C’est ici que les confusions doivent cesser et qu’il n’ importe plus guère que le style s’approvisionne en idées chez tel ou tel. Si Samios, précisément, ne peut être longtemps pris pour un nostalgique, il le doit à ses obsessions. Ces femmes longues à têtes ovales ont des attitudes singulières. Tantôt elles fument, des bouffées grises de fumée cotonneuse s’ échappent de leurs bouches et d’innombrables cigarettes. Des flammes venues du ciel, flammes anormales, allument leurs blondes sans que ces beautés s’en effarent – habituées de longue date au diabolique de ces Pentecôtes infernales. Tantôt d’autres, les mêmes, les sœurs des premières, tout en fumant jouent avec un dragon serpent de couleur verte, lequel crache une langue enflammée et procure bien du plaisir à ces pécheresses d’un genre nouveau. Plus besoin de Saint-Georges, plus besoin de Roger: Angélique folâtre avec son reptile adoré, elle se pâme à ses étreintes doublement brûlantes. Dans le ciel, une main aux doigts pointés vers le couple apparaît au centre d’une couronne de nuages: main divine, œil divin.

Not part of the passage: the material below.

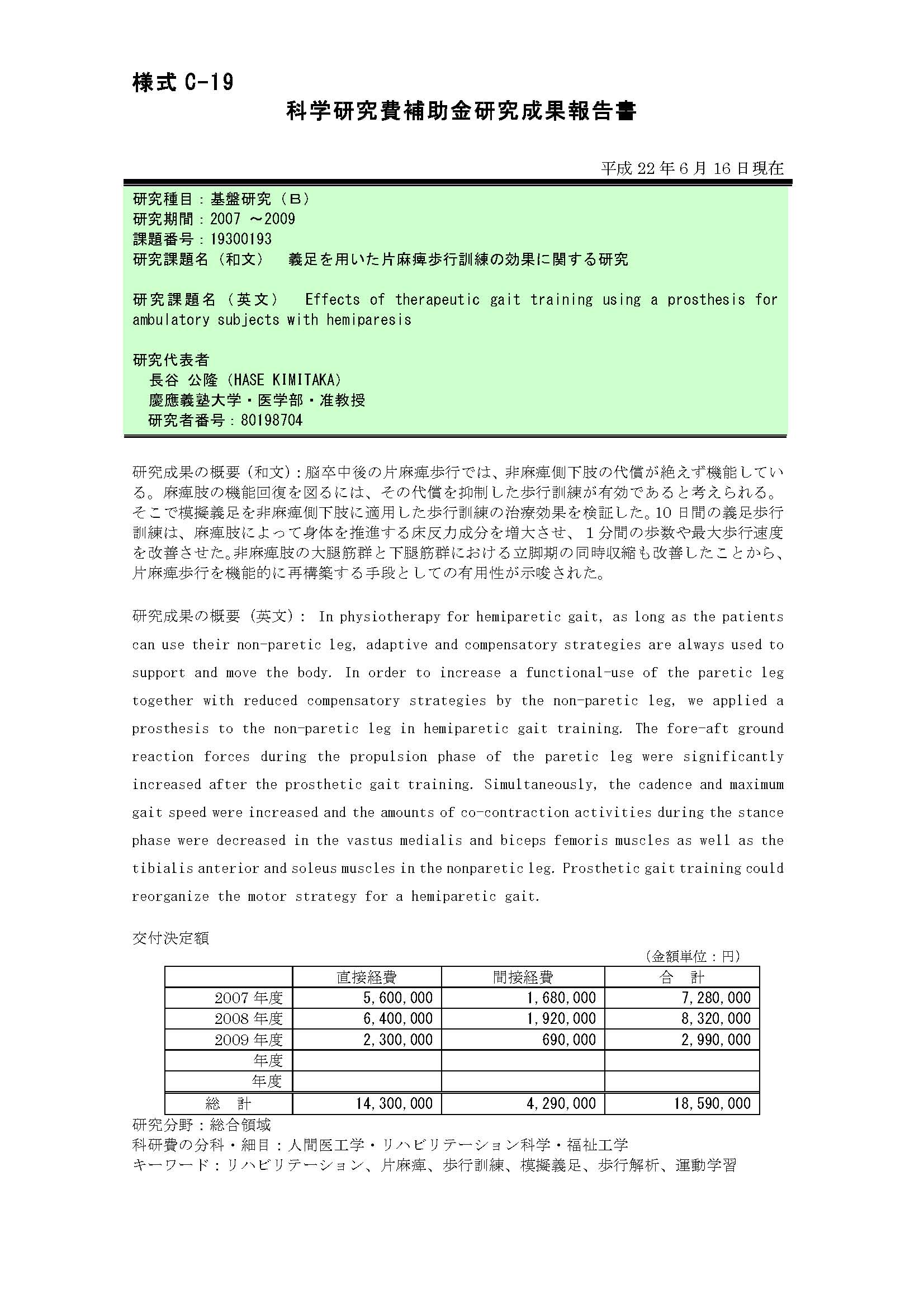 課題番号 : 19300193

Ces scènes ne peuvent que déplaire. On croirait même qu’elles déplaisent au peintre, qu’il n’a pas pu faire autrement, qu’il a dû les décrire; mais désapprouve l’inconduite de ses créatures. Un art en apparence si policé, d’une clarté que l’on croit d’abord conventionnelle! Il tourne à la satire. Ni l’autobiographie, ni la morale – celle des moralistes – ne lui font défaut. Le mythe ne doit plus rien alors à la culture, et tout à l’inspiration de son inventeur. Celui-ci a eu la révélation de son enfer, il en donne un aperçu, voilà tout.

Retour à la Grèce, pas celle des rhéteurs mais celle de Samios, celle des peintures sacrées de Constantinople, des Vierges et des Enfers rêvés dans les monastères. Peut-être l’affreux lézard incendiaire et séducteur descend-il de ces épouvantes médiévales. Peu importe. De ses lointains, très lointains ancêtres, Samios a retenu une tout autre leçon: qu’il n’ait d’art qui tienne le mur que celui qu’une passion et un sens habitent. Qu’un peintre entende faire siennes ces sentences et leur donne forme avec efficacité – et ironie – mérite quelque considération. Qu’un artiste tel que Samios puisse exister, voilà un des signes qui laissent penser que l’époque du vide pourrait bien être révolue.